В тот момент, когда недобросовестной, узурпировавшей власть верхушке удаётся выйти из междоусобной борьбы или отразить внешнюю агрессию, она отменяет родовую демократию и никто из так называемого простого народа не смеет выразить ей непокорность или сомнение. Они к этому по традиционной культуре и не стремятся. Протестовать, возмущаться не имеют привычки. Если есть какое-то отрицание верховного своеволия, то это делается молча, пассивным саботажем, а ещё раньше – откочёвкой. Речь идёт о чистой, без примесей первобытной среде. Люди рода привыкли к иерархии. Поэтому любой возникающий культ происходит из этой привычки. Другими словами, они массово вспоминают о первом табу.

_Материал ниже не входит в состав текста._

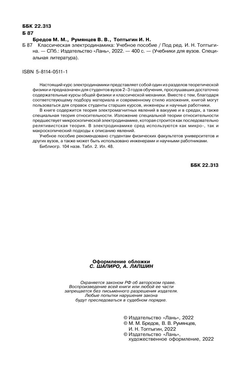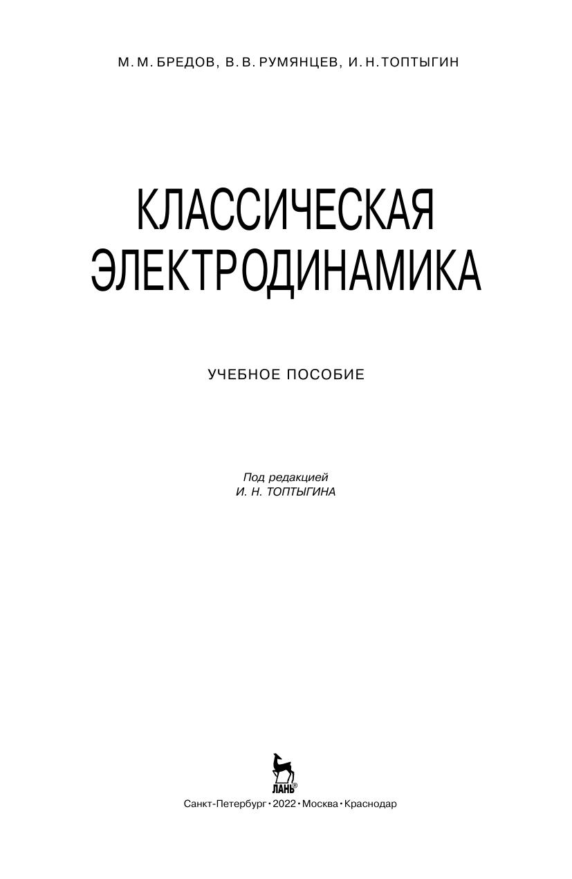 Настоящий курс электродинамики представляет собой один из разделов теоретической физики и предназначен для студентов вузов 2–3 годов обучения, прослушавших достаточно содержательные курсы общей физики и классической механики. Вместе с тем, благодаря соответствующему подбору материала и современному стилю изложения, книгой могут пользоваться для справок студенты старших курсов, инженеры и научные работники. В книге содержится теория электромагнитных явлений в вакууме и в средах, а также специальная теория относительности. Изложение специальной теории относительности предшествует микроскопической электродинамике, которая строится как последовательно релятивистская теория. В электродинамике сред используются как микроскопический, так и макроскопический подходы к описанию явлений. Для студентов физических факультетов университетов и других вузов. Может быть использована инженерами и научными работниками.
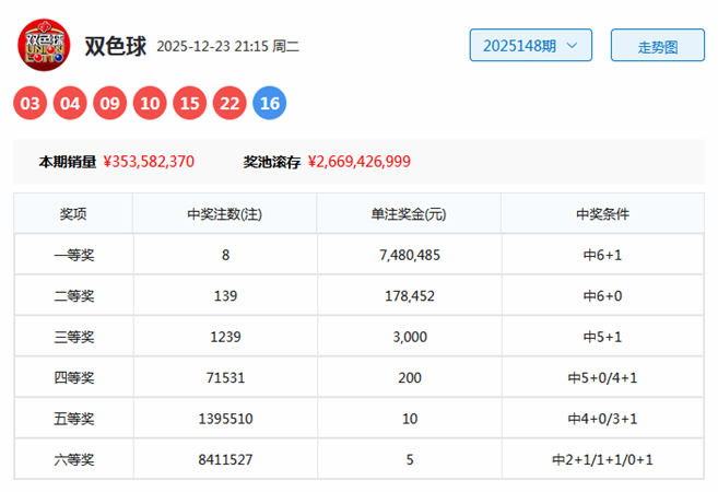双色球第2025148期开奖号码为:03、04、09、10、15、22+16。其中红球三区比为4:2:0,奇偶比为3:3,包含2个重号:03、22,蓝球出现在第四区。
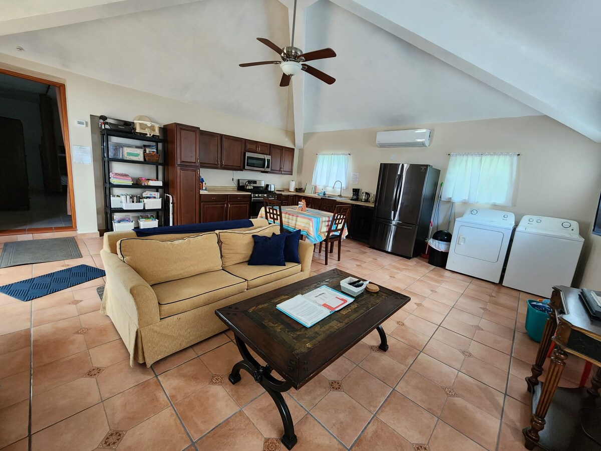 Located in Rio Grande, the city of El Yunque, the SOLAR powered Villa Apt is located in a quiet neighborhood with everything you want or need for the perfect getaway. Two large bedrooms, with their own bathroom and a large open kitchen/dining/ living room area with all the conveniences to feel at home. AC throughout the apartment and ceiling fans with a full sized kitchen, washer and dryer, Wi-Fi, two outside patios, one of which includes a hammock, and breathtaking views of El Yunque.

А лидер ли это, то есть ныне живущий вождь или первобытный авторитет как культ, – не важно.
А фраер?
Представитель западной цивилизации рефаг стоит вне этого вероятного и всегда марширующего строя. Он сам по себе, своеобразным гурманом, потребителем жизни держится. Он намного гибче, ситуационно ловчее, в некоторых случаях терпимее и безразличнее, в некоторых – крайний догматик и фанатик, когда дело касается прибыли, а иногда просто обезличенный лицемер. Рефаг фраер сформировался в обстановке торговли и обмена, бедствий и войн, когда происходили крупные сделки и массовые перемещения избивающих и убивающих друг друга людей. Из поколения в поколение он умудрялся торговать, а в это же самое время зерефы убивали друг друга. Самое главное, он первым или одним их первых вошёл в чужой город без ружья. Эта терпимость произошла от нужды, вместе с развитием знаний у торговой элиты. А для массы буржуазии терпимость пришла вместе с растекающейся кровью, религией, которая заняла место доброго психолога и успокоителя в океане отчаяния и крови.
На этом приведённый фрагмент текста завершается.